### Assigned task
Line by line, give the data again exactly as it appears, but without pictures.

### Given data

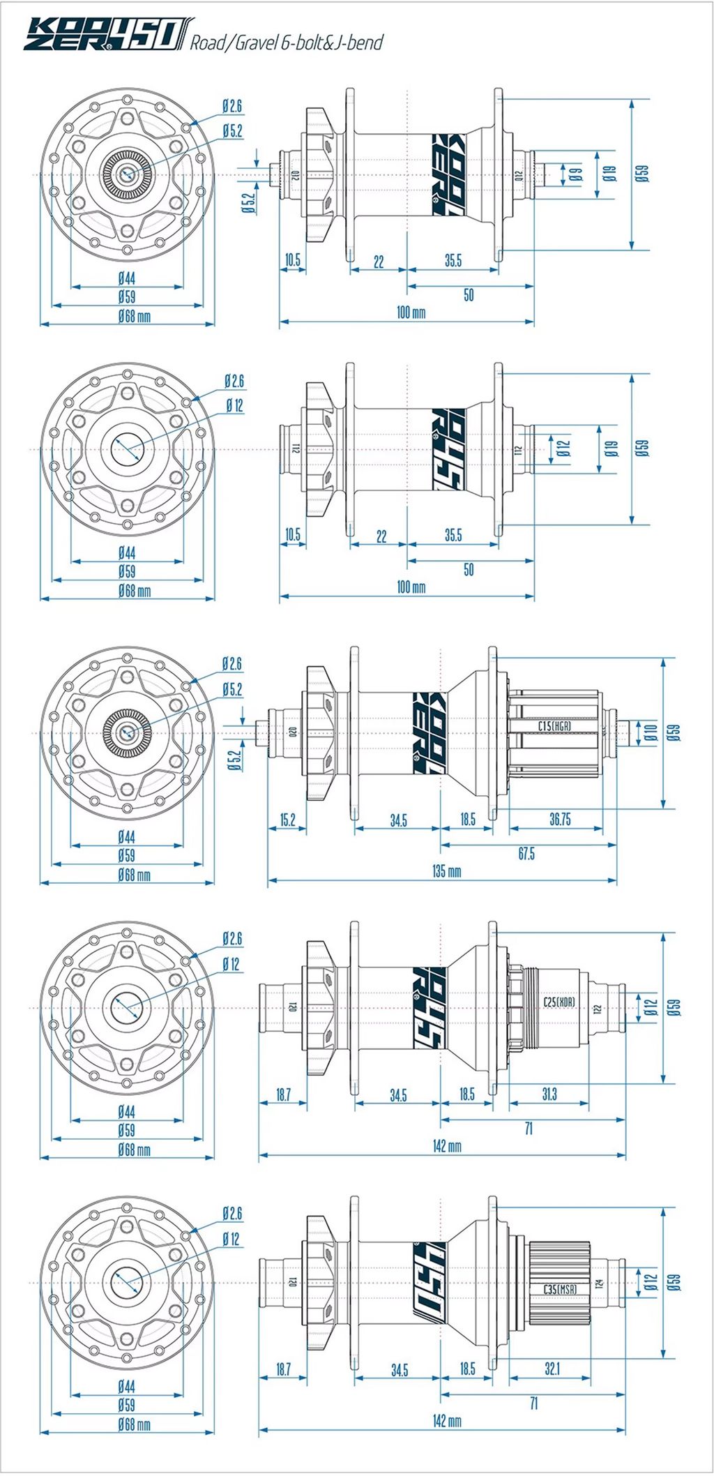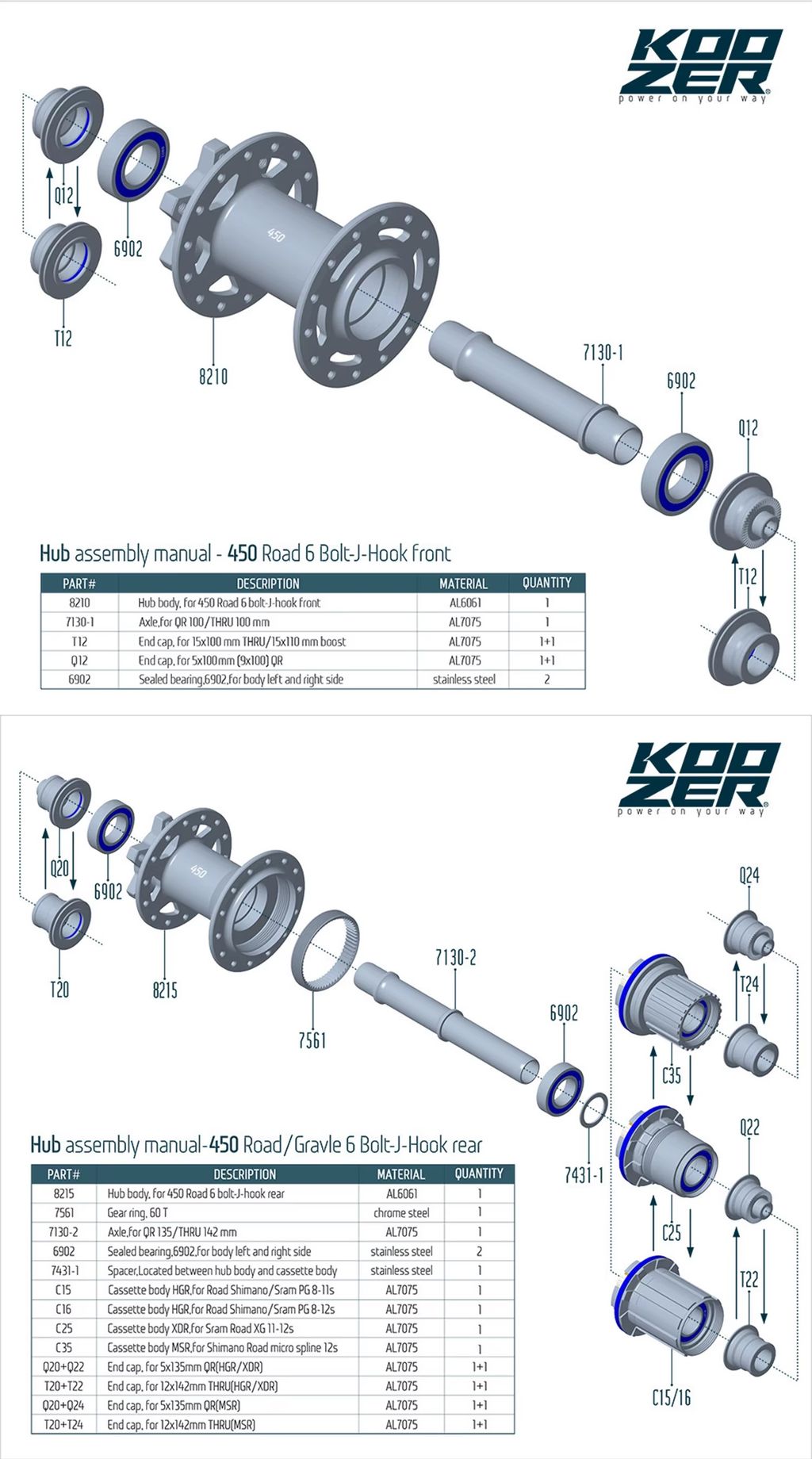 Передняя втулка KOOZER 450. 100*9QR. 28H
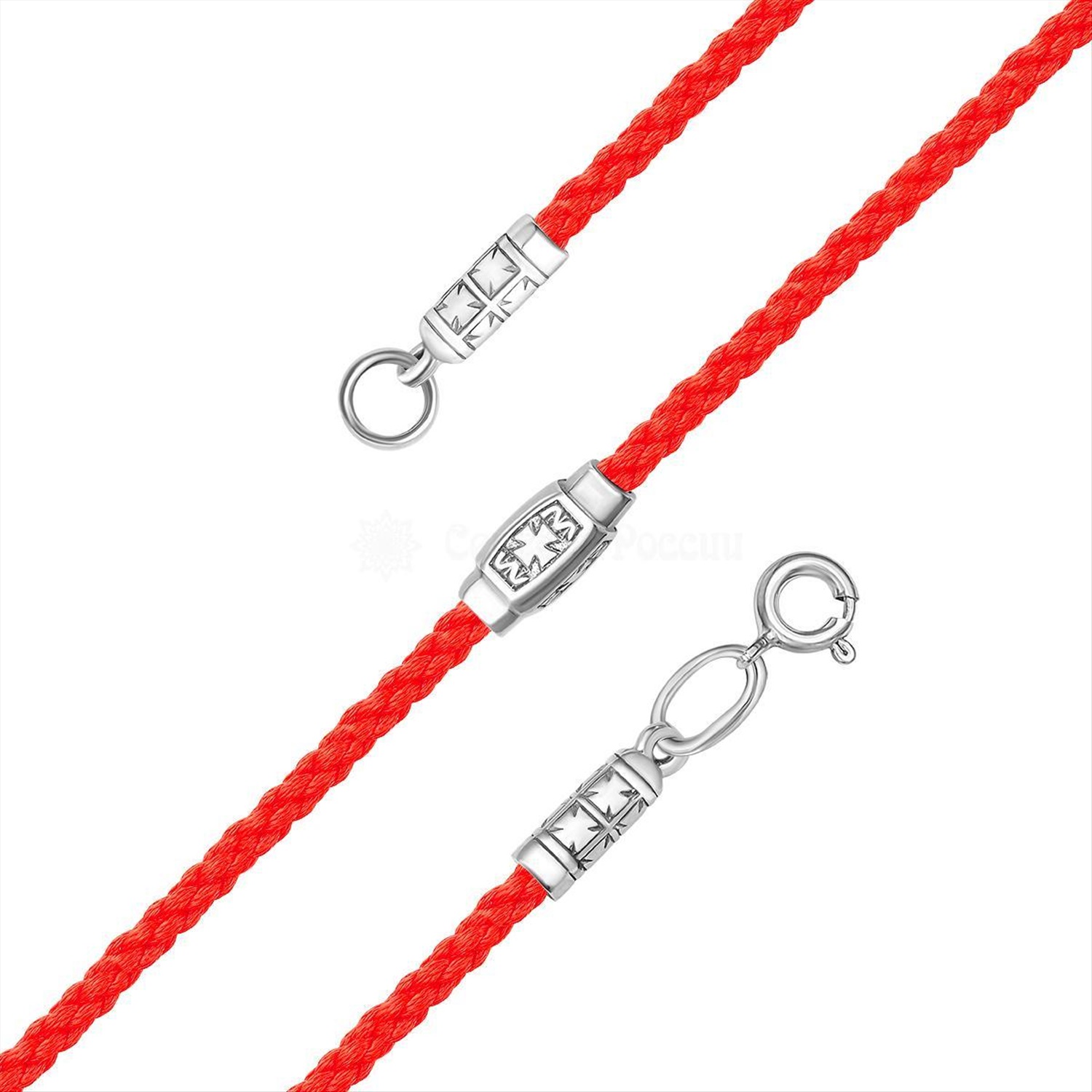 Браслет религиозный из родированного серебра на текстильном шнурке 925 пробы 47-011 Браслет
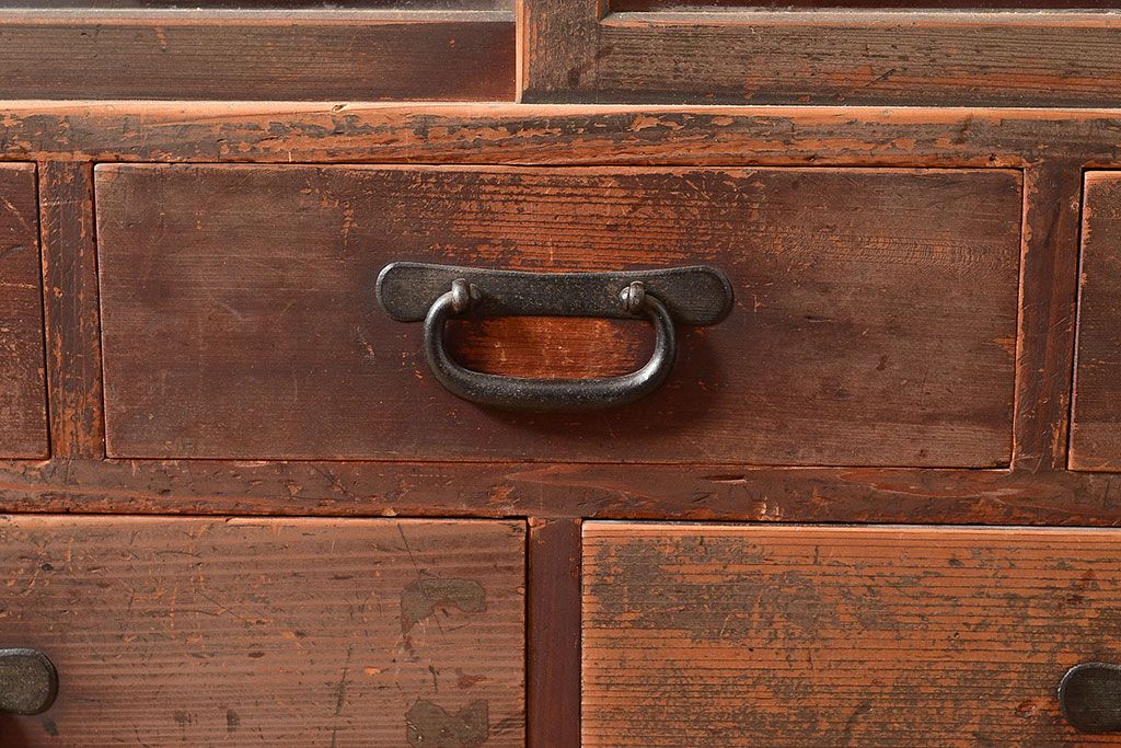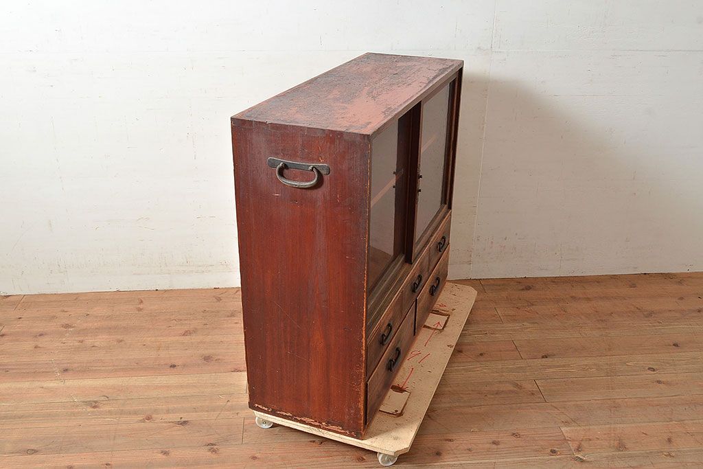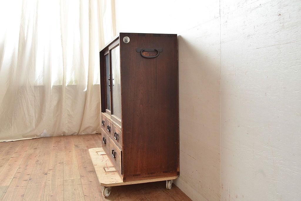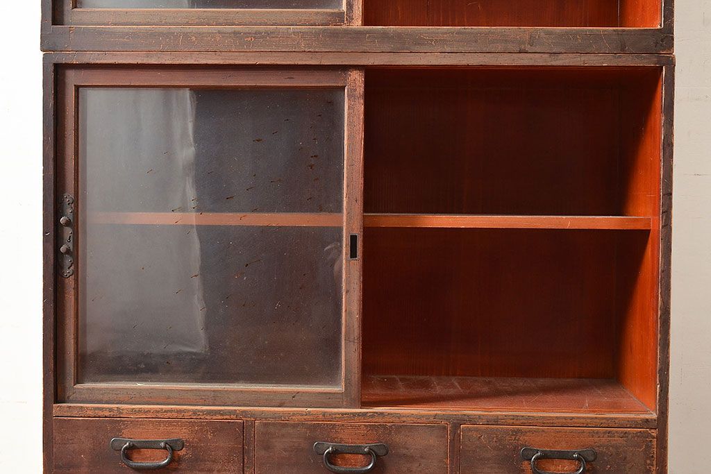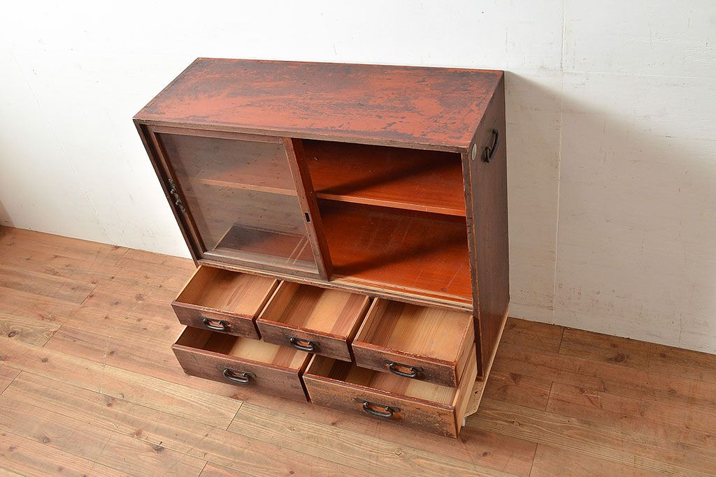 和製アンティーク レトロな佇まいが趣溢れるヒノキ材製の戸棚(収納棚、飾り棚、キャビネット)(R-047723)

### Solution for this problem
 Передняя втулка KOOZER 450. 100*9QR. 28H
 Браслет религиозный из родированного серебра на текстильном шнурке 925 пробы 47-011 Браслет
 和製アンティーク レトロな佇まいが趣溢れるヒノキ材製の戸棚(収納棚、飾り棚、キャビネット)(R-047723)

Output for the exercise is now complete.